_Data segment_.
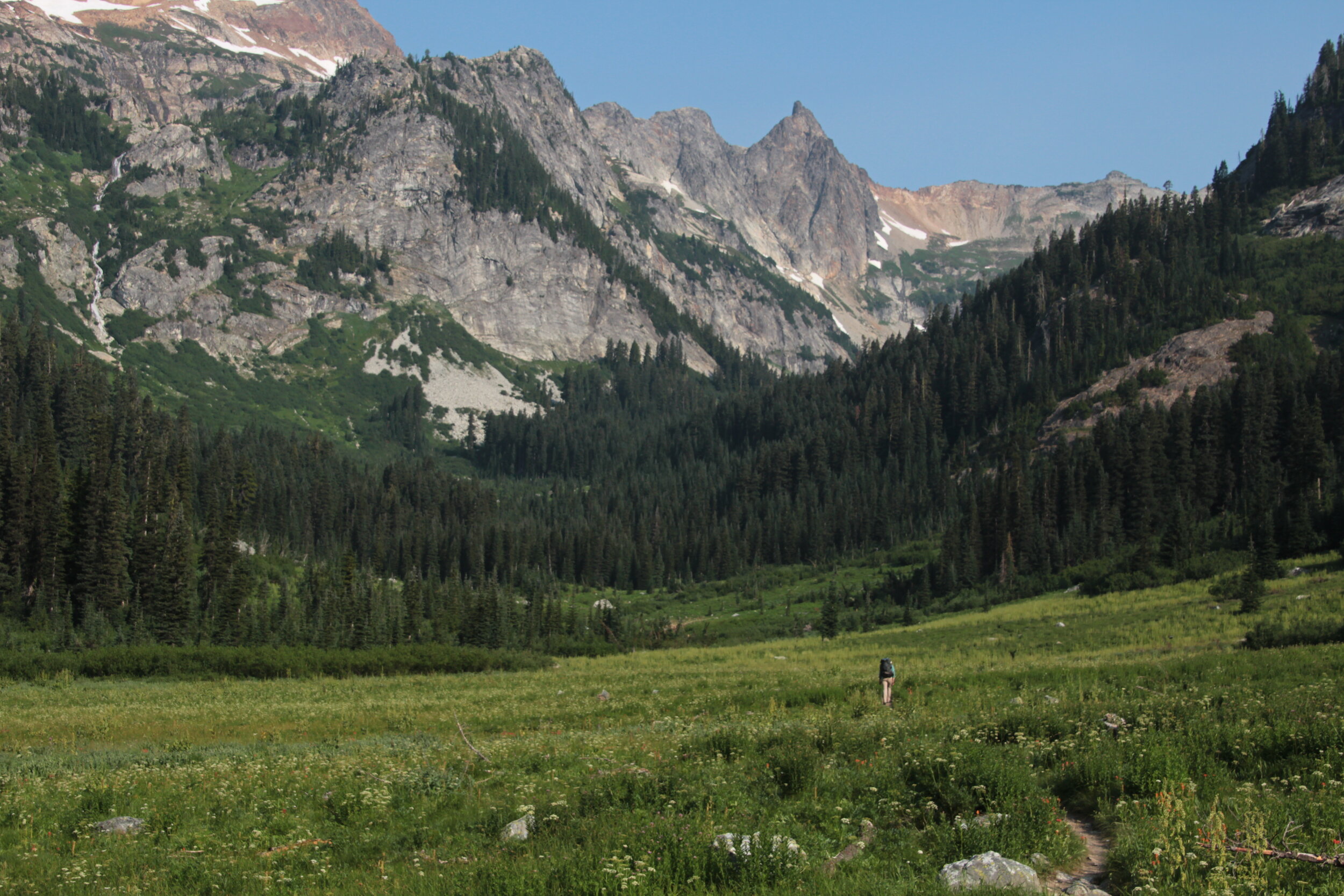 After meandering along Phelps Creek, we camped at the foot of Spider Meadow, ringed by an amphitheater of peaks. It was an amazing campsite!
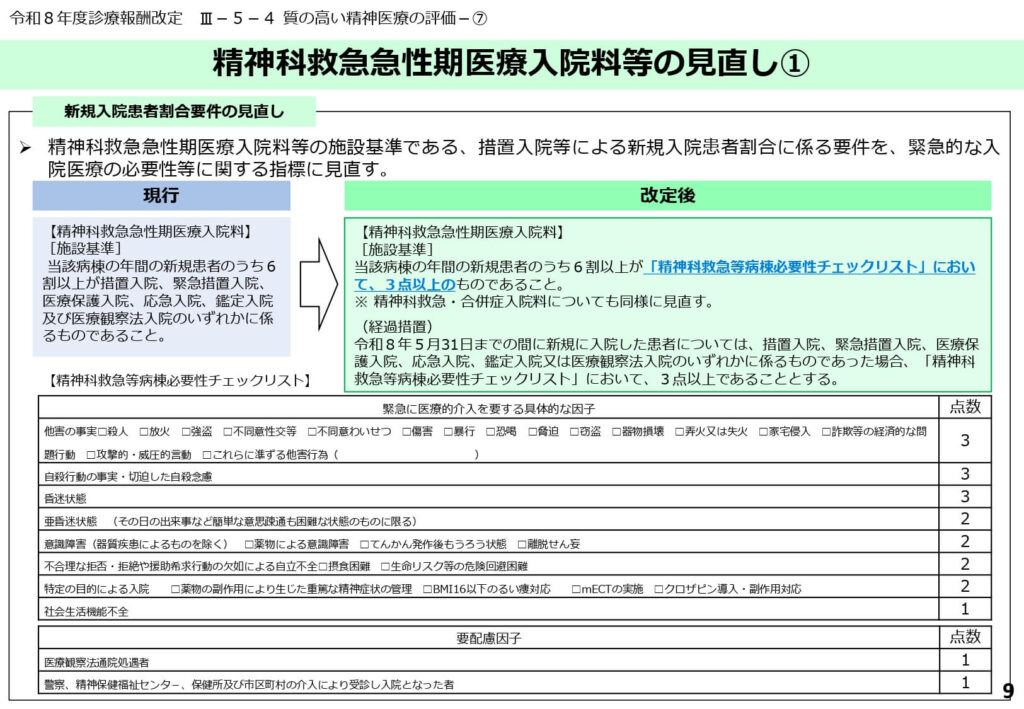 精神科救急の施設基準における新規入院患者の割合要件が、従来の入院形態ベースから「重症度チェックリスト」ベースへと刷新されました。
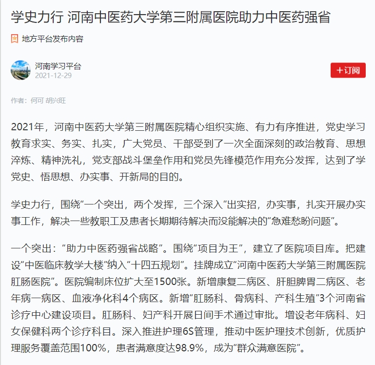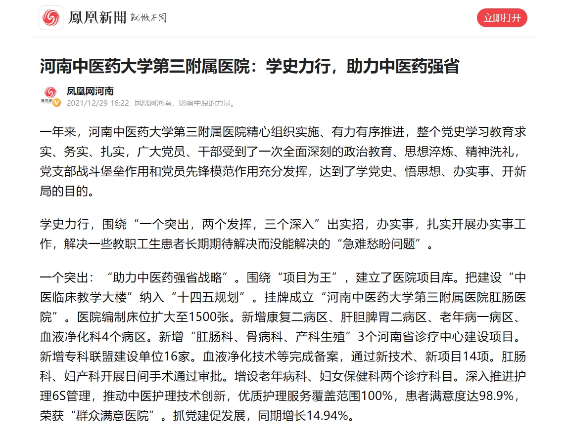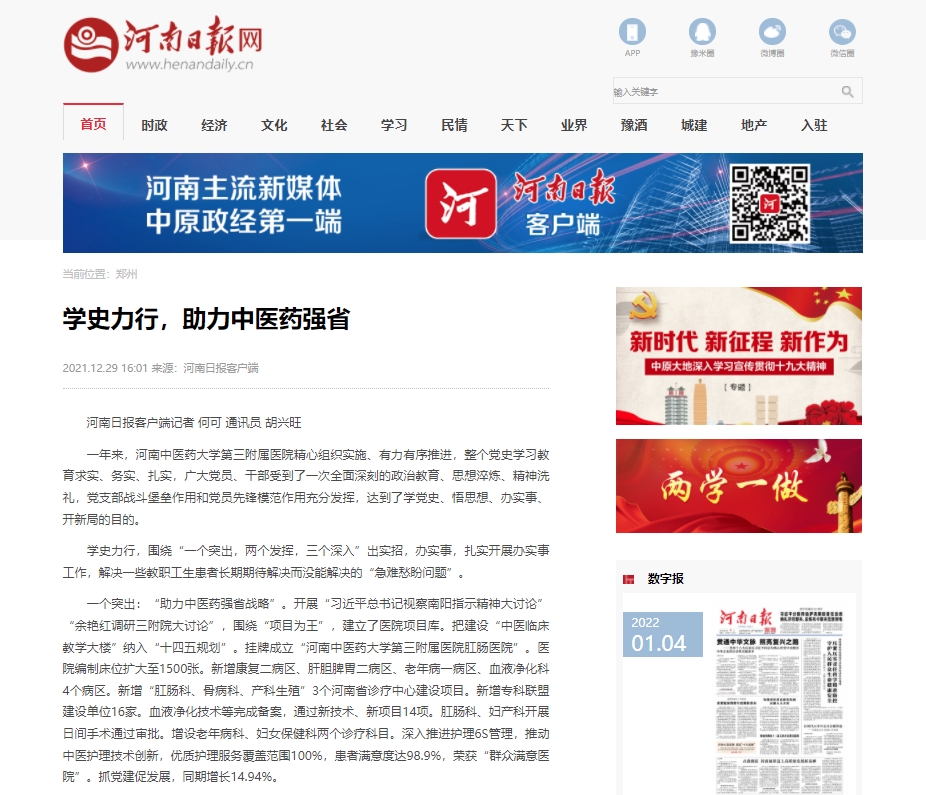 编者按:近日,学习强国、日本做爱日报网、凤凰新闻等媒体对三附院党史学习教育举措及成效进行报道。三附院精心组织实施、有力有序推进,党史学习教育求实、务实、扎实,广大党员、干部受到了一次全面深刻的政治教育、思想淬炼、精神洗礼,党支部战斗堡垒作用和党员先锋模范作用充分发挥,达到了学党史、悟思想、办实事、开新局的目的。现将日本做爱日报网全文刊发如下:
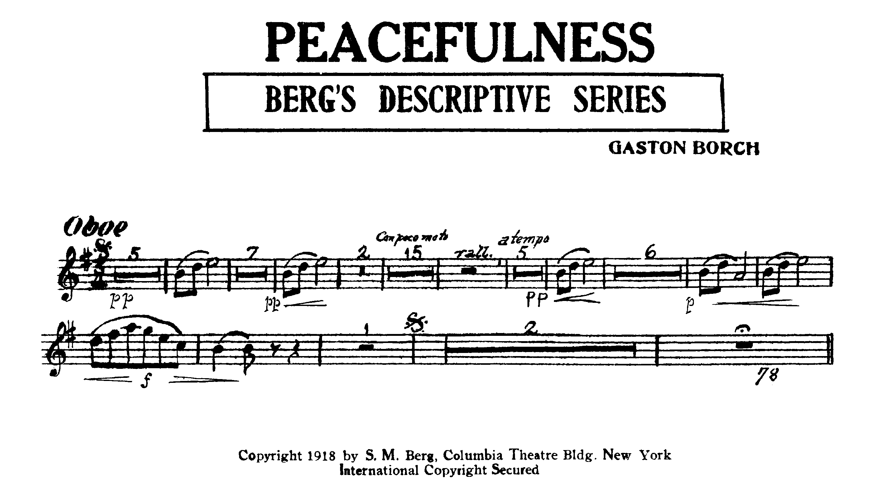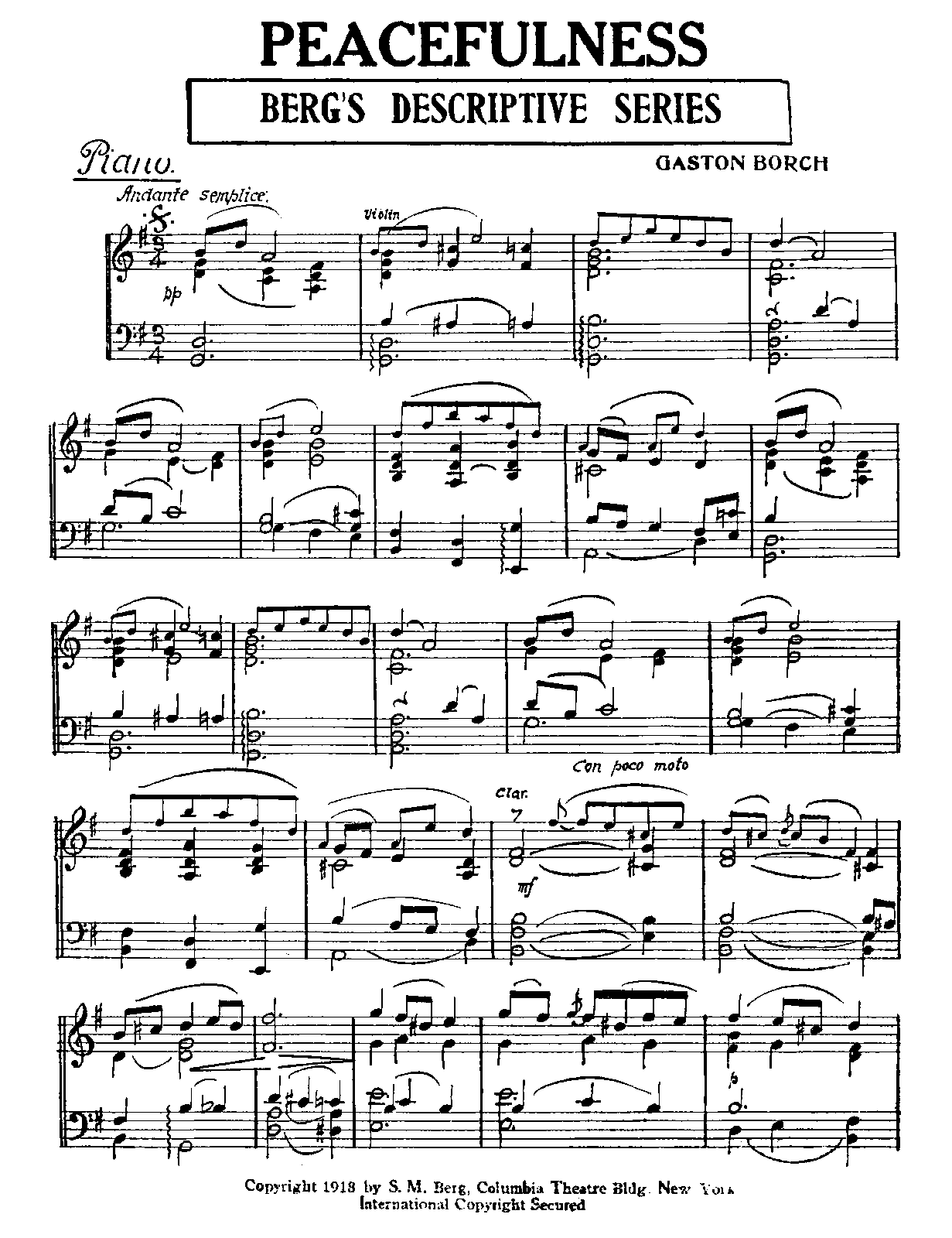 Berg's Descriptive Series, No.2 New York: S.M. Berg, 1918. Re-engraving: New York: Belwin, Inc., n.d. Plate B.D.S. No.2.

_What the task requires_. Write out again exactly the lines above from the one with "精神科救急の施設基準における" through the one with "编者按:近日,学习强国、日本", adding no other lines and no pictures.

_Result of the exercise_.
 精神科救急の施設基準における新規入院患者の割合要件が、従来の入院形態ベースから「重症度チェックリスト」ベースへと刷新されました。
 编者按:近日,学习强国、日本做爱日报网、凤凰新闻等媒体对三附院党史学习教育举措及成效进行报道。三附院精心组织实施、有力有序推进,党史学习教育求实、务实、扎实,广大党员、干部受到了一次全面深刻的政治教育、思想淬炼、精神洗礼,党支部战斗堡垒作用和党员先锋模范作用充分发挥,达到了学党史、悟思想、办实事、开新局的目的。现将日本做爱日报网全文刊发如下:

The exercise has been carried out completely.